• Your objective: Restate the listing word for word. Stop at the line that holds "Abstract Floral Blue", include it, and leave out all pictures.

• Available data:
┏━━
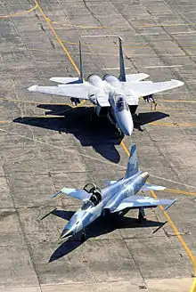 The F-5 was also adopted as an opposing forces (OPFOR) "aggressor" for dissimilar training role because of its small size and performance similarities to the Soviet MiG-21. In realistic trials at Nellis AFB in 1977, the F-14 reportedly scored slightly better than a 2:1 kill ratio against the simpler F-5, while the F-15 scored slightly less.[49][50][51][52] There is some contradiction of these reports, another source reports that "For the first three weeks of the test, the F-14s and F-15s were hopelessly outclassed and demoralized"; after adapting to qualities of the F-5 and implementing rule changes to artificially favor long range radar-guided missiles, "the F-14s did slightly better than breaking even with the F-5s in non-1 v 1 engagements; the F-15s got almost 2:1".[53] A 2012 Discovery Channel documentary Great Planes reported that in USAF exercises, F-5 aggressor aircraft were competitive enough with more modern and expensive fighters to only be at small disadvantage in Within Visual Range (WVR) combat.[54]
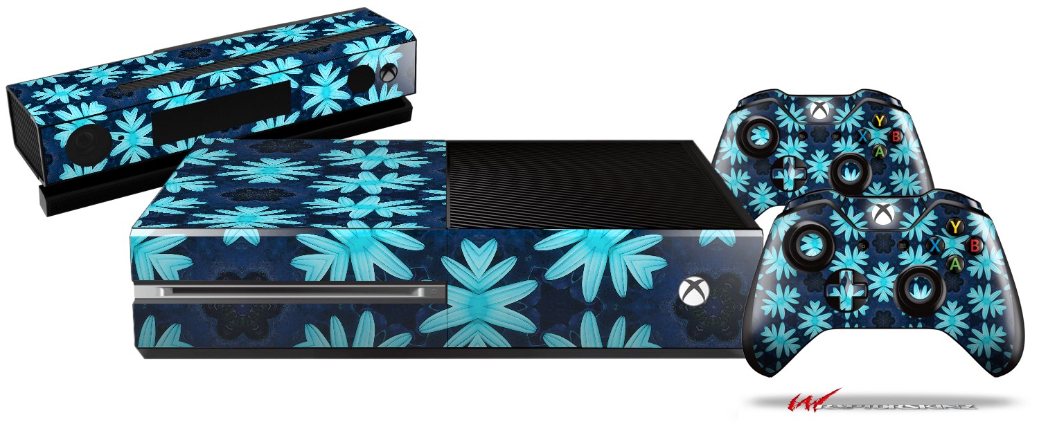 Abstract Floral Blue - Holiday Bundle Decal Style Skin fits XBOX One Console Original, Kinect and 2 Controllers (XBOX SYSTEM NOT INCLUDED)
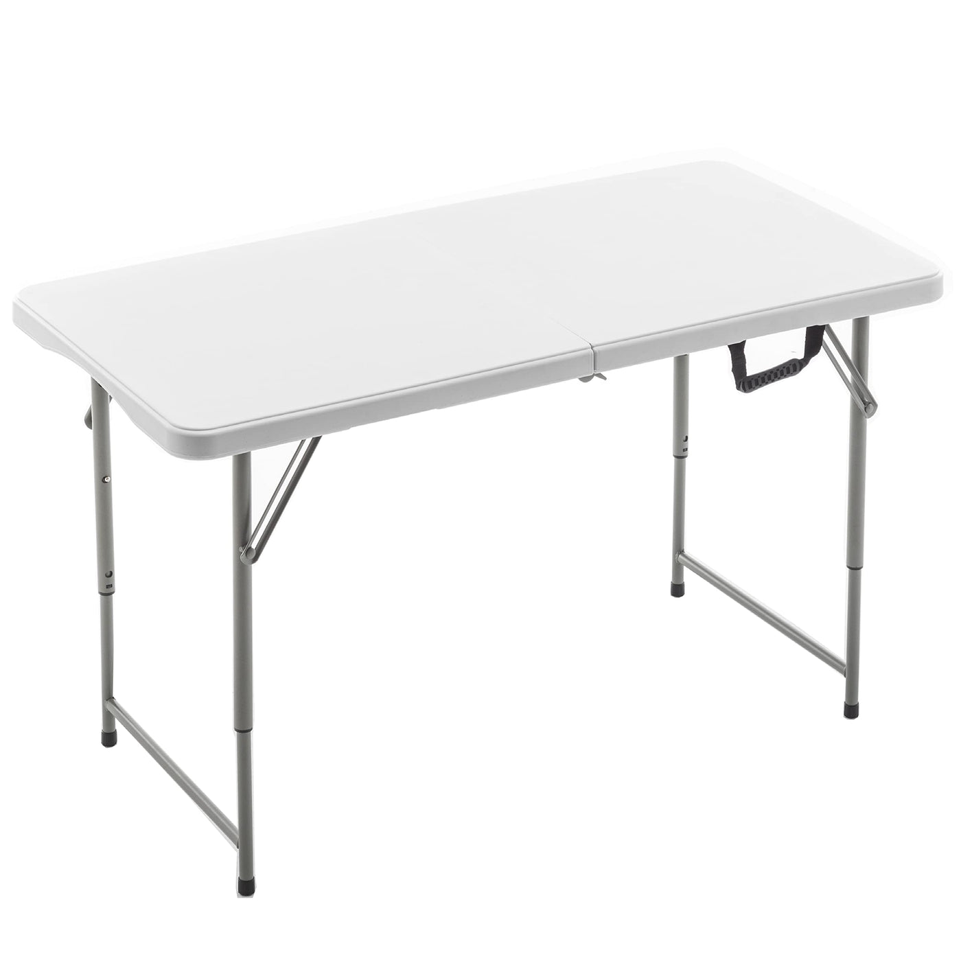 Btexpert Fold-In-Half Folding Utility Table 4 Feet Lightweight Height Adjustable Portable Carrying Handle Indoor Outdoor, Picnic Camping Office Home Party Convenient Easy To Clean Store & Care White
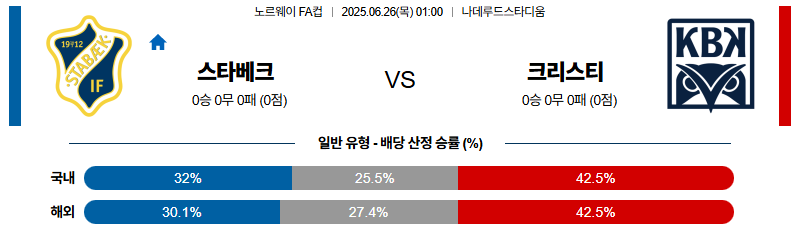 스타벡 대 크리스티안순 노르웨이FA컵 06월26일 맞대결 생중계, 스포츠중계, 스포츠분석
┗━━
• Answer box:
 The F-5 was also adopted as an opposing forces (OPFOR) "aggressor" for dissimilar training role because of its small size and performance similarities to the Soviet MiG-21. In realistic trials at Nellis AFB in 1977, the F-14 reportedly scored slightly better than a 2:1 kill ratio against the simpler F-5, while the F-15 scored slightly less.[49][50][51][52] There is some contradiction of these reports, another source reports that "For the first three weeks of the test, the F-14s and F-15s were hopelessly outclassed and demoralized"; after adapting to qualities of the F-5 and implementing rule changes to artificially favor long range radar-guided missiles, "the F-14s did slightly better than breaking even with the F-5s in non-1 v 1 engagements; the F-15s got almost 2:1".[53] A 2012 Discovery Channel documentary Great Planes reported that in USAF exercises, F-5 aggressor aircraft were competitive enough with more modern and expensive fighters to only be at small disadvantage in Within Visual Range (WVR) combat.[54]
 Abstract Floral Blue - Holiday Bundle Decal Style Skin fits XBOX One Console Original, Kinect and 2 Controllers (XBOX SYSTEM NOT INCLUDED)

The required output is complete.